Long way to go [By Jiao Haiyang/China.org.cn]
The United States Senate has recently approved by unanimous consent a resolution apologizing for its past discriminatory laws that exclusively targeted Chinese immigrants. Having been delayed for more than a century, this apology may not be substantively meaningful. Still, it has political and cultural significance, as this apology marks a progress on the road to liberty and improves the image of the U.S. internationally.
Chinese Americans deserve this apology. Their forefathers immigrated to the United States in the 19th century with a dream that is only too familiar to today's Americans – the dream of success and freedom. The entirely foreign living environment and the harsh reality of America's industrialization did not hold them back. They endured tenaciously in the face of overwhelming odds. Step by step, their diligence, benevolence, and perseverance helped them secure the least popular share of the labor market. They mined for gold, farmed the wetland, spun the yarn, and built the miraculous Transcontinental Railroad.
However, just as they were contributing their might and main to the "Manifest Destiny" of the U.S., the Chinese Americans' own destiny was made miserable by a series of politically biased designs to fence them off. The most notorious was the Chinese Exclusion Act of 1882, which provided an absolute 10-year moratorium on Chinese labor immigration, making it the first federal law in American history to proscribe entry of ethnic laborers. In the following decade the same act was passed again and eventually renewed indefinitely in 1902, thus suspending Chinese immigration for a prolonged period of time.

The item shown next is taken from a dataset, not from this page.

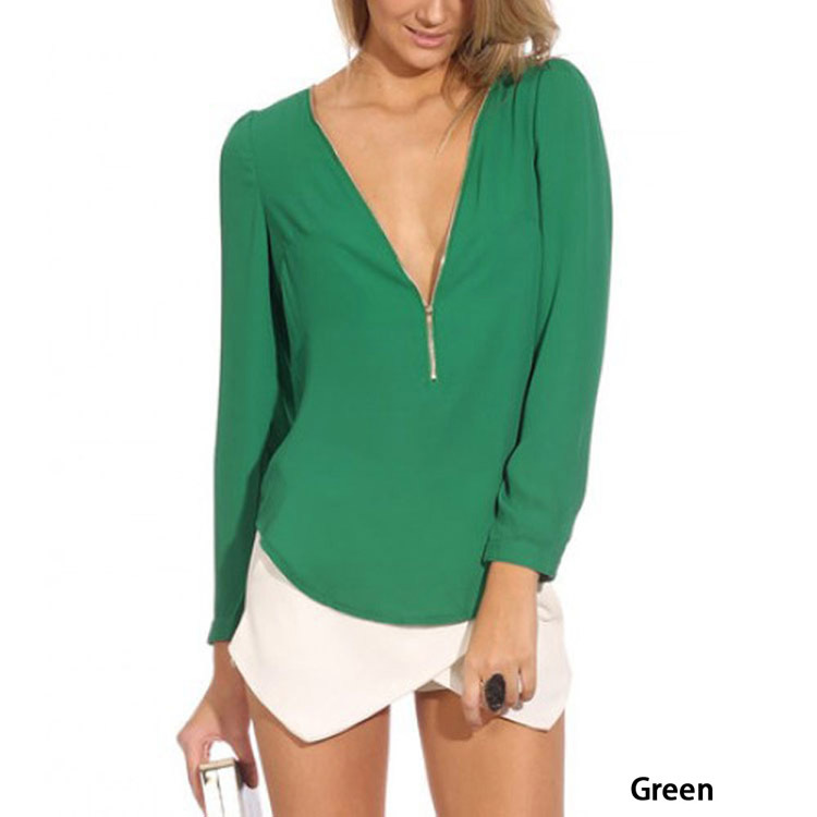 > Damen Bekleidung > Shirts > Mode Herbst Hals lange Ärmel reißverschluss sexy Chiffon Blusen tragen Damen Arbeiten Femininas höchstens 6

Such decisions not only ran counter to the creed enshrined in the Declaration of Independence and the Constitution of the United States that "all men are created equal," but also amounted to the blatant violations of basic human rights and the fundamental values of the free new world. Fortunately, Chinese Americans today have risen up to become an important part of the American society. Another undeniable fact is that their motherland has also risen up to become one of the key stakeholders of the world's future. In this sense, it can be said that we have earned the senatorial apology by ourselves.
"Justice delayed is justice denied." This epigram by British politician William Gladstone holds great truth. Even though the resolution has now been made by the U.S. Senate to offer an apology, nothing can be done to undo the pains and sufferings of hundreds of thousands of Chinese immigrants during the 19th and 20th centuries. Just as Republican Senator Scott Brown said, it "cannot undo the hurt caused by past discrimination against Chinese immigrants, but it is important that we acknowledge the wrongs that were committed many years ago." This attitude is powerful.

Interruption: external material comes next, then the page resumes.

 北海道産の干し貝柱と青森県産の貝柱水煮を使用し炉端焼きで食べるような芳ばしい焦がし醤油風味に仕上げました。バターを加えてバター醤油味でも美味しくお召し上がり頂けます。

Indeed, it would be very wise for Americans to remember that period of history so that the same mistake does not repeat in the future. Take bilateral relations for example. Many of the decisions by the U.S. government or legislature may still be hurting the feelings of the Chinese people. Some of these are territorial; some economic; some on human rights. There can be things not so desirable on the part of China, but this gives no reason for the U.S. to unilaterally invoke punitive procedures. Frankly, some acts of the U.S. can be very provocative when China, for fear of potential clashes, has already categorized its core interests in clear terms.
In China, we have a very popular saying: "Past experience, if not forgotten, can serve as a guide for the future." The same applies to the senatorial apology, which can surely serve as a guide for the legislature's future decision-making about China. In the end, let's listen to the heart of a Chinese American who commented on www.china.org.cn in the wake of the resolution:
"It is hard for me to believe it takes so many years for this to happen. It should have been done after World War II. It should have been done after President Johnson passed the new immigration law in 1965…. I am 77 years old, been in this country from China for 61 years, and I am so glad to see this happen before I pass away."